Twigs from an old branch we collected in the fall was used for some of the snowmen legs and arms. We love to collect branches, barks, sticks, pinecones, leaves, and all the nature bits within our region.
Playing outdoors in the snow can be exhausting. When the children in my home daycare are finished with outdoor play, usually, it is time for us to eat lunch, read books, and then nap. To help their outdoor loving souls, I usually prepare lunch ahead of time – just a little warm up, and we are good. Or I may make some sandwiches after my gym workout in the mornings.
What else did they do in the snow?
One of my children loves rocks, and she loves to color, paint and brush snow off the rocks – here she is carrying some from the creek. We have a dry creek in our backyard which provides a sensory pad for all the children.

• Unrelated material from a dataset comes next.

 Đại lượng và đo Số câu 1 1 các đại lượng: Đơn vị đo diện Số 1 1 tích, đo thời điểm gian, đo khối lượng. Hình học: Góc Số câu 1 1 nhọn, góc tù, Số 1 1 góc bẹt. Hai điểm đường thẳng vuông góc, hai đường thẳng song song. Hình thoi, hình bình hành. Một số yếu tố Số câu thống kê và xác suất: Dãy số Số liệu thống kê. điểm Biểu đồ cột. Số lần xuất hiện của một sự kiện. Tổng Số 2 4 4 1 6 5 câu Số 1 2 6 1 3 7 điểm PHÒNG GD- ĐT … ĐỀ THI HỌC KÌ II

Do you allow the children to play outdoors, even in the snow, when it’s uncomfortable for you? During my consulting sessions, I have interacted with providers who are not there yet – some venture outdoors when the weather is warm, mild but not when it’s raining, snowing, or below 50 degrees Fahrenheit. And I understand! I understand the work it takes to prepare the children for the outdoors. I understand how laboring it can be, especially if you have a mixed age group, as I’ve had in the past. In the past, I had infants all the way to school agers. When children have different sleep schedules, it can be daunting. If you work by yourself as I do, it can pose significant challenge. For those providers who work with others, I beg of you to take shifts and share the outdoor experience. Can you and your assistant work something out? The person who likes the winter and the outdoors can you be responsible of taking the children outdoors. How about a trade for those who love the summer heat or sandbox play? Or how about the person who loves to feed the infants? Can that person take care of the children while another takes care of the nature children – the ones who love the mud, water, and snow?

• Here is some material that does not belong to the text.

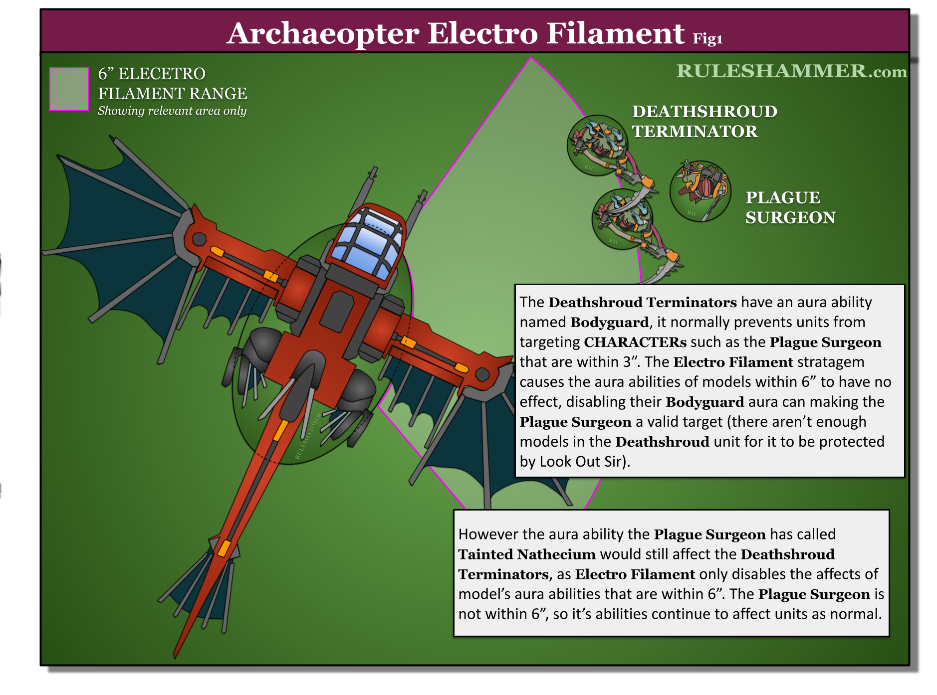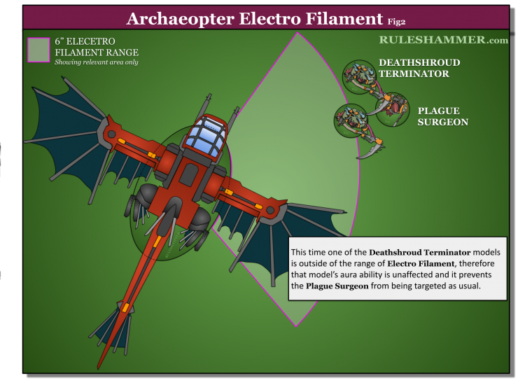 I've seen people argue it so many different ways. One is that all models that are within 6" of the Archaeopter's base that are currently benefitting from an aura outside of the null zone get negated. Another is that models within 6" of a Archaeopter have all of their auras shut down and are unable to provide their aura to units outside of the 6" null zone as their auras now have no effect. Last one I've seen argued is that units within 6" of an Archaeopter can still benefit from aura abilities if the model providing them is outside of the 6" null zone as the aura ability they are benefiting is not their own. - VinceFirst let’s look at the wording of the Stratagem.

Now what are some benefits of the outdoors? Here is an article from Community Playthings that may offer you some support. I often comment about the smell of winter, which is not the same as Spring, Summer, or Fall. The sounds of winter are different, and this year our birds have been very active. During our snowfall, we witnessed birds in flight, playing, and eating – and is a different scenery on minus degree days.
Here are some authors who have influenced my practice.

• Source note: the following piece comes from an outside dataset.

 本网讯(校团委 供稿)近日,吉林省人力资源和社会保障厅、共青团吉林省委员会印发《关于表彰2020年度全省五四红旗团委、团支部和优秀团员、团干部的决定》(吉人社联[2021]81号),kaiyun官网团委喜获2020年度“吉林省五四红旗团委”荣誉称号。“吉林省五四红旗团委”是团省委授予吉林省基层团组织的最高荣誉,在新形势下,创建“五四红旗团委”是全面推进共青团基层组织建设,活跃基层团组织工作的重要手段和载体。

- Have you read the book Last Children in The Woods by Richard Louv? If not, I recommend having this book on your shelf, not just as a trophy but as a reference guide, one you read from cover to cover with lots of sticky notes and highlights. Richard Louv also refers to nature as Vitamin N.
- Scott Sampson book is one of my other favorites.
- David Sobel, he has written many books about the outdoors and its benefits to all but especially to young children, and my philosophy is drawn his practice.
- Parker Palmer has influenced my heart and reflection. Read an article here. If you like what you read, I encourage you to look more into his books
I encourage my fellow home childcare professionals, my home based educators, my home daycare providers, and those working with mixed age children / multi aged children of different families – those who are walking in the trenches daily -please think of mental preservation – ways to slow down and help your sanity. Take small steps to change your teachers heart, and landscape. Do what feels COMFORTABLE to you, not what social media is pushing, but please take time to find your happy moments.